Historically, the SML has been summarized as being a microhabitat composed of several layers distinguished by their ecological, chemical and physical properties with an operational total thickness of between 1 and 1000 μm. In 2005 Hunter defined the SML as a "microscopic portion of the surface ocean which is in contact with the atmosphere and which may have physical, chemical or biological properties that are measurably different from those of adjacent sub-surface waters". He avoids a definite range of thickness as it depends strongly on the feature of interest. A thickness of 60 μm has been measured based on sudden changes of the pH, and could be meaningfully used for studying the physicochemical properties of the SML. At such thickness, the SML represents a laminar layer, free of turbulence, and greatly affecting the exchange of gases between the ocean and atmosphere. As a habitat for neuston (surface-dwelling organisms ranging from bacteria to larger siphonophores), the thickness of the SML in some ways depends on the organism or ecological feature of interest. In 2005, Zaitsev described the SML and associated near-surface layer (down to 5 cm) as an incubator or nursery for eggs and larvae for a wide range of aquatic organisms.

Hunter's definition includes all interlinked layers from the laminar layer to the nursery without explicit reference to defined depths. In 2017, Wurl et al. proposed Hunter's definition be validated with a redeveloped SML paradigm that includes its global presence, biofilm-like properties and role as a nursery. The new paradigm pushes the SML into a new and wider context relevant to many ocean and climate sciences.

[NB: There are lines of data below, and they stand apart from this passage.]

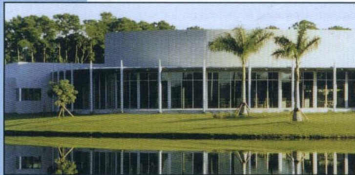
Oscar Schorp Library
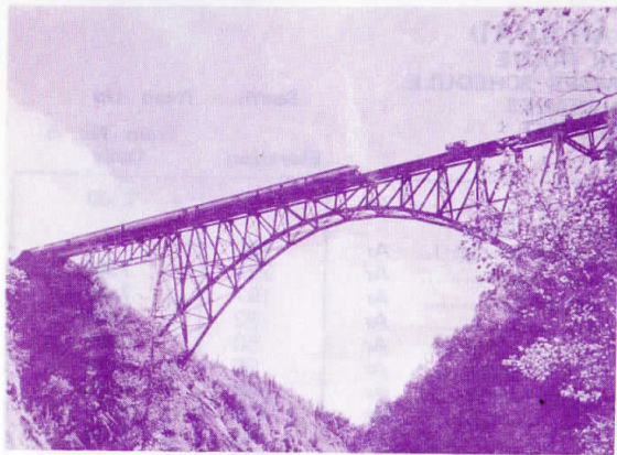
HURRICANE BRIDGE 296 Ft. Above Streambed
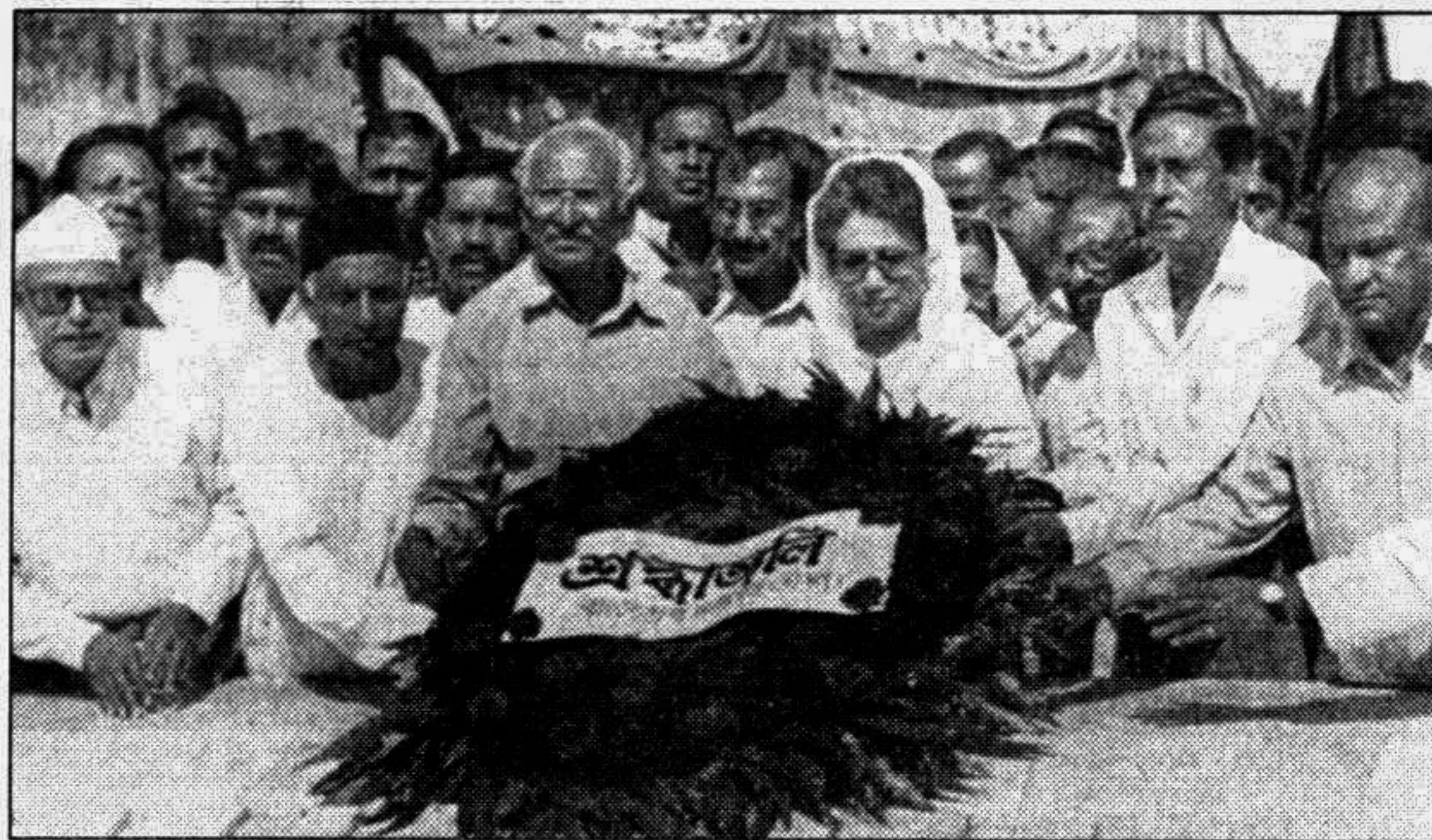
BNP chairperson Khaleida Zia placing wreaths at mazar of late president Ziaur Rahman yesterday on the occasion of 'National Revolution and Solidarity Day.'

According to Wurl et al., the SML can never be devoid of organics due to the abundance of surface-active substances (e.g., surfactants) in the upper ocean and the phenomenon of surface tension at air-liquid interfaces. The SML is analogous to the thermal boundary layer, and remote sensing of the sea surface temperature shows ubiquitous anomalies between the sea surface skin and bulk temperature. Even so, the differences in both are driven by different processes. Enrichment, defined as concentration ratios of an analyte in the SML to the underlying bulk water, has been used for decades as evidence for the existence of the SML. Consequently, depletions of organics in the SML are debatable; however, the question of enrichment or depletion is likely to be a function of the thickness of the SML (which varies with sea state; including losses via sea spray, the concentrations of organics in the bulk water, and the limitations of sampling techniques to collect thin layers . Enrichment of surfactants, and changes in the sea surface temperature and salinity, serve as universal indicators for the presence of the SML. Organisms are perhaps less suitable as indicators of the SML because they can actively avoid the SML and/or the harsh conditions in the SML may reduce their populations. However, the thickness of the SML remains "operational" in field experiments because the thickness of the collected layer is governed by the sampling method. Advances in SML sampling technology are needed to improve our understanding of how the SML influences air-sea interactions.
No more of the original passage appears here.